EXERCISE REQUIREMENTS: The entries that follow should be reproduced exactly, with no images carried over.

Records from a data source:
┄┄┄┄┄┄┄┄┄┄┄┄┄┄┄┄┄┄┄┄

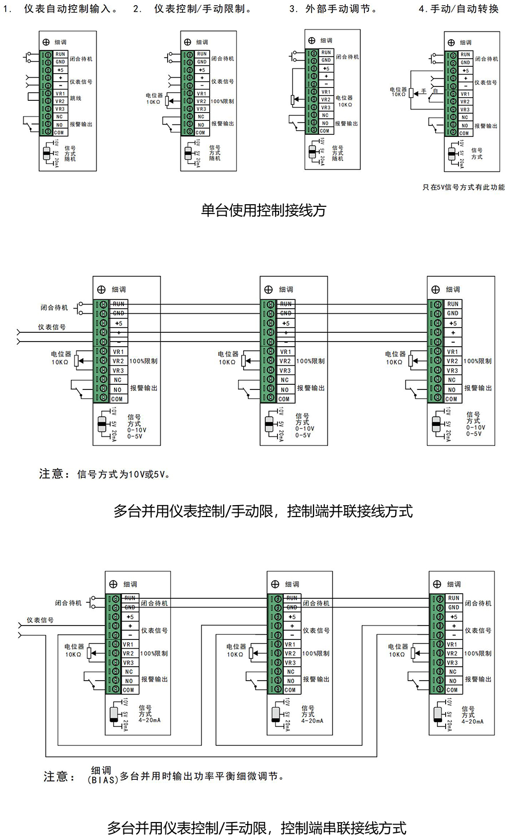 ⑨先選擇控制信號和控制方式,本調整器出廠設定控制信號模式(4-20mA),要更改設置將紅色蓋揭開,撥動里面波動開關選擇所需模式。按接線范例接線安裝好。多臺調整器同時或分段調節時,使用同一信號負載功率不一致,可調節細調來補償。注意事項
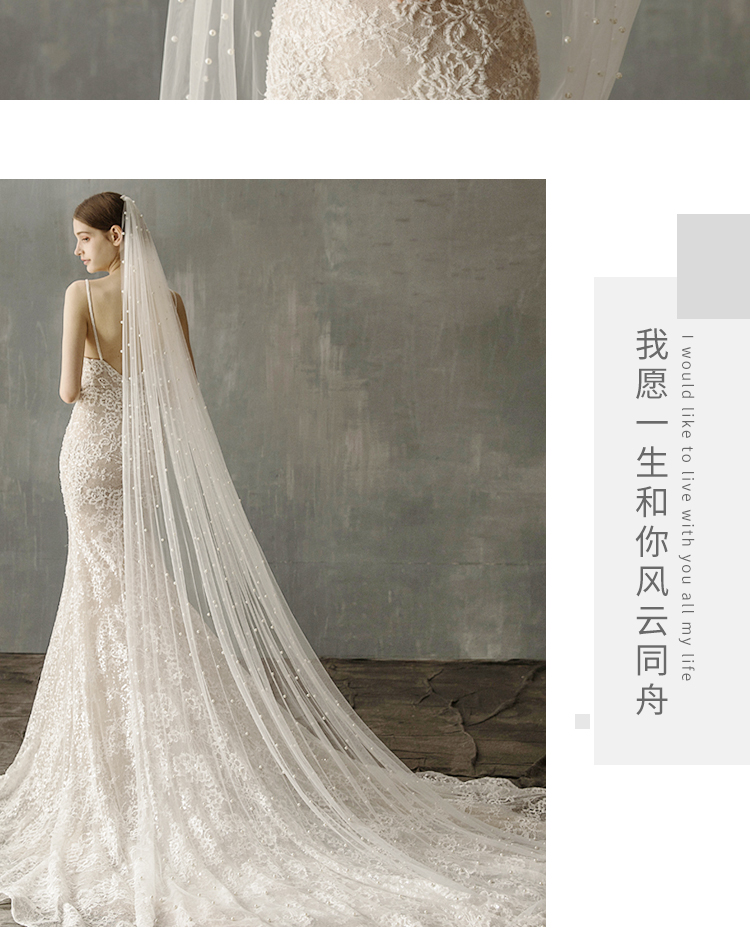 新婦の頭紗ふわわわ結婚ネトート有名人の撮影道具ナチュラの白いウェディングベールローリングリングドレイン真珠の頭紗長230*幅150 cm以上
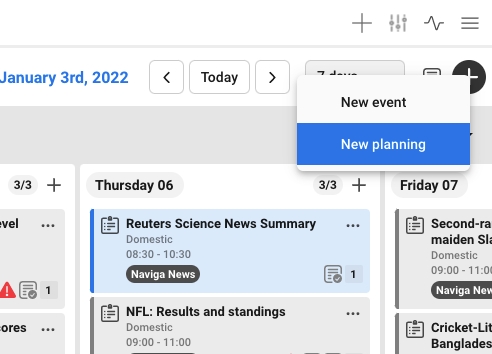 When you create a plan you can add it directly to an event. If you do so you get a clear picture of which events have or lack a planning. You can also create plannings without any connection to an event.
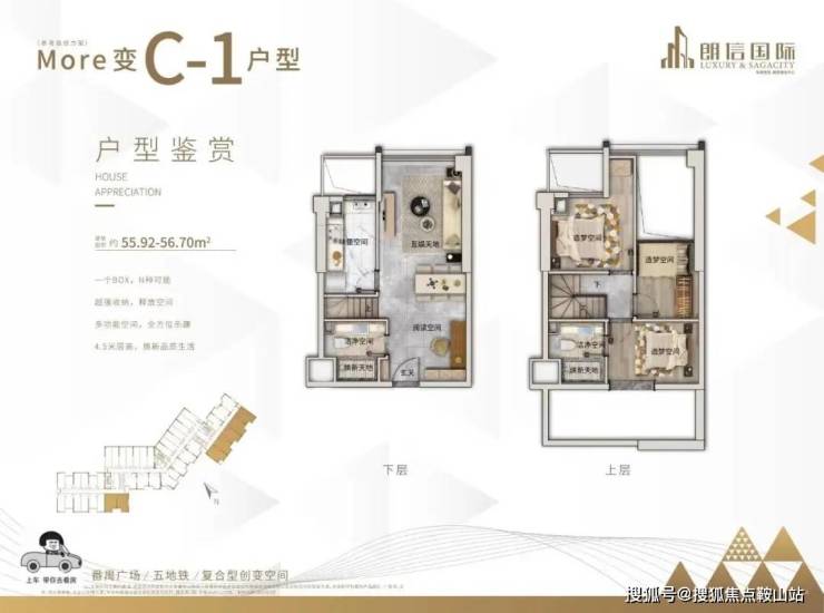 建筑面积:56平方3+1户型(极简轻奢风)
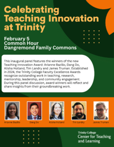 This inaugural panel features the winners of the new Teaching Innovation Award: Arianne Bazilio, Dang Do, Alisha Holland, Tim Landry and James Truman. Established in 2024, the Trinity College Faculty Excellence Awards recognize outstanding work in teaching, research, mentorship, leadership, and community engagement, with these five faculty members honored specifically for their curricular and pedagogical innovations that enhance student engagement and learning. During this panel discussion, award winners will reflect and share insights from their groundbreaking work.

┄┄┄┄┄┄┄┄┄┄┄┄┄┄┄┄┄┄┄┄

SOLUTION TO THIS PROBLEM:
 ⑨先選擇控制信號和控制方式,本調整器出廠設定控制信號模式(4-20mA),要更改設置將紅色蓋揭開,撥動里面波動開關選擇所需模式。按接線范例接線安裝好。多臺調整器同時或分段調節時,使用同一信號負載功率不一致,可調節細調來補償。注意事項
 新婦の頭紗ふわわわ結婚ネトート有名人の撮影道具ナチュラの白いウェディングベールローリングリングドレイン真珠の頭紗長230*幅150 cm以上
 When you create a plan you can add it directly to an event. If you do so you get a clear picture of which events have or lack a planning. You can also create plannings without any connection to an event.
 建筑面积:56平方3+1户型(极简轻奢风)
 This inaugural panel features the winners of the new Teaching Innovation Award: Arianne Bazilio, Dang Do, Alisha Holland, Tim Landry and James Truman. Established in 2024, the Trinity College Faculty Excellence Awards recognize outstanding work in teaching, research, mentorship, leadership, and community engagement, with these five faculty members honored specifically for their curricular and pedagogical innovations that enhance student engagement and learning. During this panel discussion, award winners will reflect and share insights from their groundbreaking work.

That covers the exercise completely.